In the present study, MI with CN and 2-DG was used as an experimental model to simulate ischemic cell injury. We investigated the effects of MI on cell volume and cell volume regulation of a tight epithelium, A6.

Metabolic Inhibition Induces Cell Swelling in High-Rate Na+-Transporting A6 Epithelia

Under steady-state conditions, epithelial cell volume is maintained by balancing the rates of apical and basolateral ion transport in such a way that intracellular solute content remains constant. When MI is applied, cellular ATP depletion will hinder the active basolateral Na+ extrusion from the cells. In A6 epithelia with high rates of Na+ transport (Fig. 2A), the reduced pump rates during MI were insufficient to match massive apical Na+ influx. During the first 25 min of ischemia, cell volume gradually increased up to a plateau value of 120%. A further rise of cell volume was probably prevented by a reduction of apical Na+ entry by the action of intracellular protons (41) elicited during MI (Fig. 5). Hence, it seems that the plateau phase in Fig. 2A is comparable with the situation in low-rate salt-transporting epithelia (Fig. 2B). There, the hindered Na+ pump was still able to offset apical Na+ influx, and, therefore, accumulation of intracellular osmolytes and cell swelling could be avoided during MI.

The cell swelling during MI in high-rate salt-transporting epithelia could also be a consequence of basolateral Na+ influx rather than apical Na+ influx as described above. A candidate for basolateral Na+ influx is the basolateral Na+/H+ exchanger (3) that is probably activated in these acidic cells (Table 1). However, this explanation is less plausible because low-rate salt-transporting epithelia (Fig. 2B) displayed no change in cell volume during MI, although these epithelia acidified to the same extent (Fig. 5), and, therefore, at least a similar activation of the basolateral Na+/H+ exchanger could be expected.

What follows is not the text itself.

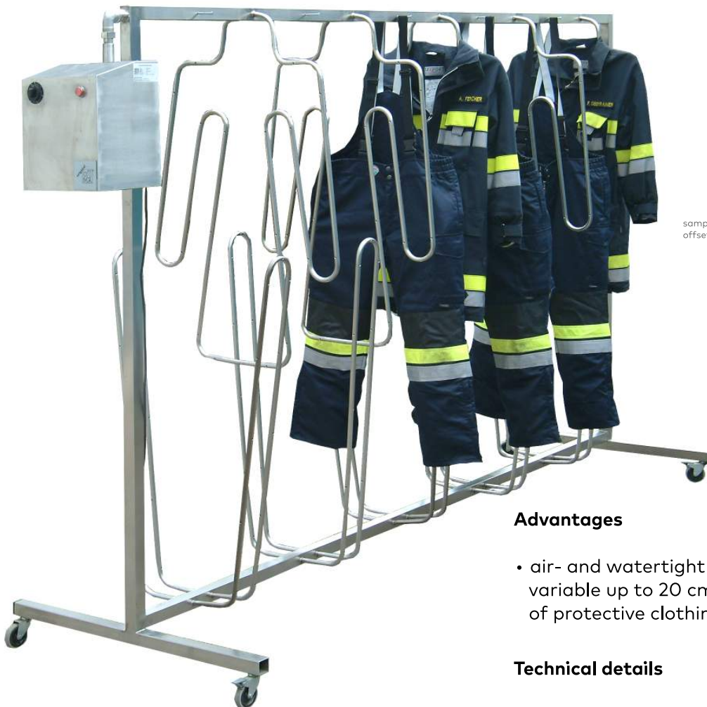
sample picture: OSMA Fireman for 5 jackets and trousers offset arrangement for jackets and trousers

Absence of Isosmotic Volume Regulation in Metabolically Inhibited A6 Cells

High-rate salt-transporting A6 cells displayed no volume regulatory event after cell swelling due to MI. The similar behavior of Madin-Darby canine kidney cells during MI (preliminary experiments) indicates that the absence of cell volume regulation in metabolically inhibited cells, as described in this study, is not limited to amphibian epithelial cells.

Absence of Anisosmotic Volume Regulation in Metabolically Inhibited Cells

This study further explored the capacity of distal epithelial cells (A6) to regulate cellular volume during MI by challenging them with a basolateral hyposmotic shock. After swelling, nonischemic A6 cells exhibit a RVD by K+ and Cl- efflux through volume-activated channels (8) and, to a lesser extent, by extruding amino acids (7). Our results demonstrate that CN- and 2-DG-treated A6 cells completely lost the ability to regulate their volume after a basolateral hyposmotic shock. This result is consistent with previous reports in which RVD was completely inhibited in hypotonically suspended glial cells in anoxic conditions in the presence of iodoacetate (17) or partially inhibited by inhibitors of mitochondrial electron transport in cerebral astrocytes (27). Because the activation of volume-regulated anion channels in different cell types is known to be ATP dependent, either via direct interaction of ATP with the channel (26, 29) or via ATP-dependent phosphorylation steps (5, 23, 31), the lack of ATP might underlie RVD inhibition by inactivation of volume-activated Cl- channels in A6 cells.

In addition, cellular ATP depletion during MI leads to reduced activity of the Na+ pump. Experiments that were designed to minimize Na+ influx and thus to avoid K+ depletion during MI revealed that RVD was still impaired (Fig. 4). Hence, RVD inhibition in metabolically inhibited A6 cells cannot be ascribed solely to intracellular K+ depletion.

Role of Intracellular pH on RVD Inhibition

This study indicates that MI is associated with a pronounced intracellular acidification in A6 cells (Fig. 5). A fall in intracellular pH occurs in most cells exposed to ischemic conditions (for review, see Ref. 2). Because we used 2-DG to block cellular glycolysis, the fall in pHc was not due to increased lactate production. Acidosis resulted probably from the imbalance between proton accumulation due to ATP hydrolysis (13, 32, 38, 39) and the constant passive influx of protons on one hand, and the suppression of H+ extruding transport processes in ATP depleted cells on the other hand (10).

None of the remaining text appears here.